State to investigate out-of-town candidate
Published 1:24 pm, Thursday, November 16, 2017
FAIRFIELD — The State Elections Enforcement Commission will be looking into allegations a former Representative Town Meeting member had moved out of a town more than a year ago, but kept her new address a secret.
Jennifer Hochberg-Toller, a Democrat in District 4, apparently moved to Bridgeport in the summer of 2016, after getting married. She remained on the RTM, and initially appeared on the ballot for last week’s municipal election. Just a week before the election, Republican Town Committee Chairman James Millington learned she had moved. Her name was subsequently removed from the ballot, and both she, and her husband, John Tyson Toller, a justice of the peace, resigned.
Millington filed a formal complaint against both of them with the SEEC.
“We had a commission meeting (Wednesday) and it was determined that they are going to investigate,” Joshua Foley, a staff attorney for the SEEC, said.
Millington has asked that the commission take “all appropriate action including a referral to the Chief State’s Attorney’s office.
“If they uncover what they suspect is an incident of criminal violation, they refer the matter to the Chief State’s Attorney’s office,” Foley said. He said it is unknown how long the commission’s investigation will take.
Democratic Town Committee officials said they were unaware, prior to being contacted by Millington, that Hochberg-Toller no longer lived at her parent’s Church Hill Road address. Despite having moved out of town, Hochberg-Toller continued to sit on the RTM, and cast votes.
Hochberg-Toller did not return calls seeking comment.
Town Attorney Stanton Lesser is looking into what effect Hochberg-Toller’s Bridgeport address has on the outcome of any RTM votes.
In 2015, Christina Ayala, a former Bridgeport state representative, was given a suspended sentence after pleading guilty to state election law violations.
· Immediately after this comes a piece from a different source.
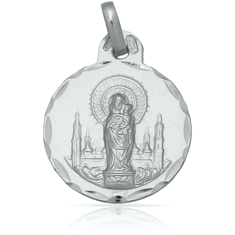 Medalla Virgen del Pilar en Plata de Ley 925mm con borde tallado y forma redonda.

According to the complaint, between 2009 and 2012, Ayala voted in several elections in districts other than where she was living.
Ayala was initially charged with eight counts of fraudulent voting, 10 counts of primary or enrollment violations and one count of tampering with or fabricating physical evidence. As part of a plea bargain, Ayala agreed to not seek an elected office for two years. She received a suspended one-year sentence for two counts of providing a false statement.